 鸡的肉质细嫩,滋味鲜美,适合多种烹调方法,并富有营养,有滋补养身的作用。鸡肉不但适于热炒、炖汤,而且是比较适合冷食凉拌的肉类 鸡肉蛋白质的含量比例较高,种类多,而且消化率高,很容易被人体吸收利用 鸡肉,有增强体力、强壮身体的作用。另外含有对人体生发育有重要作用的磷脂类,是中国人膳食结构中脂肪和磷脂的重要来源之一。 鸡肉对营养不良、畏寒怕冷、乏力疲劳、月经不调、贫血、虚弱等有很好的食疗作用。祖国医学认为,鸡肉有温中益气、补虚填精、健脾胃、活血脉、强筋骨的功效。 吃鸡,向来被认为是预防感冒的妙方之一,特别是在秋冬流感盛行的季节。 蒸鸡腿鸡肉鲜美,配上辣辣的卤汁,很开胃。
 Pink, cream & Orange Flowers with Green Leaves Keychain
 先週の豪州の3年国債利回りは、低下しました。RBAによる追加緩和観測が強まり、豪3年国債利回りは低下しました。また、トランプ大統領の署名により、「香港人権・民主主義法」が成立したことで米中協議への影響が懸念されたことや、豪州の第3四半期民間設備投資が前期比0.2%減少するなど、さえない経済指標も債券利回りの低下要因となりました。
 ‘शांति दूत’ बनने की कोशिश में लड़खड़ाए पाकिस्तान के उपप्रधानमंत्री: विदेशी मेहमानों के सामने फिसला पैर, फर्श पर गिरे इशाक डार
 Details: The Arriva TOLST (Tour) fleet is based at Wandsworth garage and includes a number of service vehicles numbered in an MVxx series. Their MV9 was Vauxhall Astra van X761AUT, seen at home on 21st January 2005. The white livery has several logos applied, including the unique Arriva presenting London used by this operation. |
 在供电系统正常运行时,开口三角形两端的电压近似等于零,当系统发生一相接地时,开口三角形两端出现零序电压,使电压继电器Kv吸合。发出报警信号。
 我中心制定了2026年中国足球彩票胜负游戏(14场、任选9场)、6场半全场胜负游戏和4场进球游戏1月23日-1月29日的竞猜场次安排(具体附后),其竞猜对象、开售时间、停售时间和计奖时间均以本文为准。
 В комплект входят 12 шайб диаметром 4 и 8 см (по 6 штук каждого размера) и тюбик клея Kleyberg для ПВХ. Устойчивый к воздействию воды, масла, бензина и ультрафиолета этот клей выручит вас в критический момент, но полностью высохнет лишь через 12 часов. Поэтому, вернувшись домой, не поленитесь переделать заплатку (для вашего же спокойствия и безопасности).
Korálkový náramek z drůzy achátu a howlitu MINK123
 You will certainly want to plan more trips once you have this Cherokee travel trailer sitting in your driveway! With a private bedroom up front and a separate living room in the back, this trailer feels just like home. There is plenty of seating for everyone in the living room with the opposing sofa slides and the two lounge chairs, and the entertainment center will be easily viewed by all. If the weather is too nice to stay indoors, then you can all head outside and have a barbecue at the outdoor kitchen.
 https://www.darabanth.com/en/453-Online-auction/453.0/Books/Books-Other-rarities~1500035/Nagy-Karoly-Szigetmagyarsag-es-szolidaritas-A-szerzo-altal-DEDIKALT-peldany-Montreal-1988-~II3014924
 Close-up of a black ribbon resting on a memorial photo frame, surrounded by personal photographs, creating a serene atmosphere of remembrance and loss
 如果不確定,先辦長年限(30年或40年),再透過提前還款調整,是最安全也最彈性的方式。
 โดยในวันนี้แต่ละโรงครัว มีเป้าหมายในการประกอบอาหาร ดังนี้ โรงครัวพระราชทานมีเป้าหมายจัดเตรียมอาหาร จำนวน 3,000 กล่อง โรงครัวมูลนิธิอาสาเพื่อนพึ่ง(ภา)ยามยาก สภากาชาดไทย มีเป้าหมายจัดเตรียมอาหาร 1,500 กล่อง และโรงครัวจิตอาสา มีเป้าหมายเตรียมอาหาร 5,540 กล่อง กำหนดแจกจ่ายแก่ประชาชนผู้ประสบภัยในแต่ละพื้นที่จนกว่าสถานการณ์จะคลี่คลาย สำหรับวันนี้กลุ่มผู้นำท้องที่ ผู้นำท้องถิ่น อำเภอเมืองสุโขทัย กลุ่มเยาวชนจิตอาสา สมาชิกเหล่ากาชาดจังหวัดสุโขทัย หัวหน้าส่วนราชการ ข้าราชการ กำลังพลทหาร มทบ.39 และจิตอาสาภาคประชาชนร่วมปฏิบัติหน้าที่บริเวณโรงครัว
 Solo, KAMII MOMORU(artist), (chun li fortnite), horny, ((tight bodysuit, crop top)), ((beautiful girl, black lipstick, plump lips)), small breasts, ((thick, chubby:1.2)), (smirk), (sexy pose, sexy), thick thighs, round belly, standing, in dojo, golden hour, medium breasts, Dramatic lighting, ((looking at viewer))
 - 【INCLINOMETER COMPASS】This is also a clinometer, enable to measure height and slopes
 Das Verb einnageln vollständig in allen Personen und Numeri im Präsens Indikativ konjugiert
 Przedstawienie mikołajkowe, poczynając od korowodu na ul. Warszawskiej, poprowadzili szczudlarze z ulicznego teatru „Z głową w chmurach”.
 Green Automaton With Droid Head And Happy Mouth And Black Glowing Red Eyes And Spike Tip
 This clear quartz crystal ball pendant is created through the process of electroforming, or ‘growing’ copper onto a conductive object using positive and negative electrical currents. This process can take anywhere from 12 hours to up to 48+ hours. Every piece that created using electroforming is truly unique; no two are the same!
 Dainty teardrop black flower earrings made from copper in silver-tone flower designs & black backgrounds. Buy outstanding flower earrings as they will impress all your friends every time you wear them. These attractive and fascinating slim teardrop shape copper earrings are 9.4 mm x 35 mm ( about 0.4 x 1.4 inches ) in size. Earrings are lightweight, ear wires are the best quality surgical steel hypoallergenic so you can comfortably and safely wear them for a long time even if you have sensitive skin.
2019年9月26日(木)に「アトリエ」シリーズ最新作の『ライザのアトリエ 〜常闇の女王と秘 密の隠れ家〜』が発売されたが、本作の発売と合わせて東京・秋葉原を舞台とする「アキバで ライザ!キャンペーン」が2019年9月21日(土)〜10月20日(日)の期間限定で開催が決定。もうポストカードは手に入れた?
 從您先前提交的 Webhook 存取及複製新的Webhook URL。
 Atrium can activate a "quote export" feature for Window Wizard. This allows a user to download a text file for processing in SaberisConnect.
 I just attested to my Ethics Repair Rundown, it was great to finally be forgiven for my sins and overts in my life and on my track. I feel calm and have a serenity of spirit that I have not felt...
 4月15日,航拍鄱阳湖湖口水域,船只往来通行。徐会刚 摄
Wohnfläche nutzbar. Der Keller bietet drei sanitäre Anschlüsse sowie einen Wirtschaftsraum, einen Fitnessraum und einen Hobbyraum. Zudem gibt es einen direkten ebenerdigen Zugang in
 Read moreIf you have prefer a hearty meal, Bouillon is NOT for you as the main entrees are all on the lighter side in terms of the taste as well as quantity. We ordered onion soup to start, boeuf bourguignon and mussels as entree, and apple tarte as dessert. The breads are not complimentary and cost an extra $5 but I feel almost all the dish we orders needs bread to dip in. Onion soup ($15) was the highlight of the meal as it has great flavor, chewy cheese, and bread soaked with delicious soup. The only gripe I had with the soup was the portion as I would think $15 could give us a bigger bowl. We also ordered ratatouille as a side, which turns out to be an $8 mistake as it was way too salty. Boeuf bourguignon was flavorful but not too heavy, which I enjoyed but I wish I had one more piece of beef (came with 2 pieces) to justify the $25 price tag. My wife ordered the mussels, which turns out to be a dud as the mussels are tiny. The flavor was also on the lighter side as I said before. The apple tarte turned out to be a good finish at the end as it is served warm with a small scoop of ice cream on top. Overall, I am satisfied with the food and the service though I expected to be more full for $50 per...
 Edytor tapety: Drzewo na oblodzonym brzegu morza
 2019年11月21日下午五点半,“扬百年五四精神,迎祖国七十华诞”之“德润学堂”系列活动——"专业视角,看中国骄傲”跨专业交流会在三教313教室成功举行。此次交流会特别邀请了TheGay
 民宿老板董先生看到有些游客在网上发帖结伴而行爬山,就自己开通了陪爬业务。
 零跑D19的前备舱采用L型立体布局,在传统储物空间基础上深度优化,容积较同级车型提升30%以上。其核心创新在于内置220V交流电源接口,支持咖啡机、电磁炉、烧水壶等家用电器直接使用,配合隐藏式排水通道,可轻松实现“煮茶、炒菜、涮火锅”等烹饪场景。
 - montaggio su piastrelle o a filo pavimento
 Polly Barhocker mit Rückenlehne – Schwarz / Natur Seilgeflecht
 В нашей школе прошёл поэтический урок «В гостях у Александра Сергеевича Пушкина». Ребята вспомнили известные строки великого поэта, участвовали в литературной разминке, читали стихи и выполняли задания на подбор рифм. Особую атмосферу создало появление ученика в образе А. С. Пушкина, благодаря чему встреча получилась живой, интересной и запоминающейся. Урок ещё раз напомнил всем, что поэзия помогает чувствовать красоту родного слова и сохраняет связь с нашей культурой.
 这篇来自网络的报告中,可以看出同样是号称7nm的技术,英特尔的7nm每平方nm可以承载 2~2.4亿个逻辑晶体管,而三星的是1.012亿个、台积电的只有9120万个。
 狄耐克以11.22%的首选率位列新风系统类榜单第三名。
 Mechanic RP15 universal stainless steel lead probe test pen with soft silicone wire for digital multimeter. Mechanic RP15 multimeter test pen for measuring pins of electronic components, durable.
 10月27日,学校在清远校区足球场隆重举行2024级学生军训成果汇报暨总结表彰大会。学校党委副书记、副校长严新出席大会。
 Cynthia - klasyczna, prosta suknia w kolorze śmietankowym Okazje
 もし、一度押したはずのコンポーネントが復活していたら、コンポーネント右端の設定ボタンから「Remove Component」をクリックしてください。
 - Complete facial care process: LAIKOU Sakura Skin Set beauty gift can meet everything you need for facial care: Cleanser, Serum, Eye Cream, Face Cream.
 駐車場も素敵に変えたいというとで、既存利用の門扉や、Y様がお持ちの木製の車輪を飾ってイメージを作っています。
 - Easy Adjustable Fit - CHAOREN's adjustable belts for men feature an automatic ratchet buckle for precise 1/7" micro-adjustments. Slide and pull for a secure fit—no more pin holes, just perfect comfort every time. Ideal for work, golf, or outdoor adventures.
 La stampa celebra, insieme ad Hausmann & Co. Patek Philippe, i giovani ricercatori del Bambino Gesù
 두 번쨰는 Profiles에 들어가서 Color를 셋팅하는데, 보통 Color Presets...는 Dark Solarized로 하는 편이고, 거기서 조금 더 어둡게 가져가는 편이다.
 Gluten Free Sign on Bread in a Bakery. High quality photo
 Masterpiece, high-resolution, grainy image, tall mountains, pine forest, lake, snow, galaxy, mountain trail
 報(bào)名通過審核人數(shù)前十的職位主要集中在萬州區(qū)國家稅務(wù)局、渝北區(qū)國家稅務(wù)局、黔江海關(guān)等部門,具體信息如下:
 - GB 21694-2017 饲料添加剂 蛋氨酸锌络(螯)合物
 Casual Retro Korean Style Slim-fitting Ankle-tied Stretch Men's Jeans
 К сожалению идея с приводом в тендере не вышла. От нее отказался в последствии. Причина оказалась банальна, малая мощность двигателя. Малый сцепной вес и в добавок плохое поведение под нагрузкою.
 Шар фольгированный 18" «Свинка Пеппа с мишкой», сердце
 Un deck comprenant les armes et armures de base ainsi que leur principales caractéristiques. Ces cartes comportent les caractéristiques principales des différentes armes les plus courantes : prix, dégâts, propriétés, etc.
------------------------------------------------
Description of the task
Looking at the records above, return exactly the lines from the line with "Cynthia - klasyczna, prosta" to the line with "駐車場も素敵に変えたいという", both ends included.

Worked solution
 Cynthia - klasyczna, prosta suknia w kolorze śmietankowym Okazje
 もし、一度押したはずのコンポーネントが復活していたら、コンポーネント右端の設定ボタンから「Remove Component」をクリックしてください。
 - Complete facial care process: LAIKOU Sakura Skin Set beauty gift can meet everything you need for facial care: Cleanser, Serum, Eye Cream, Face Cream.
 駐車場も素敵に変えたいというとで、既存利用の門扉や、Y様がお持ちの木製の車輪を飾ってイメージを作っています。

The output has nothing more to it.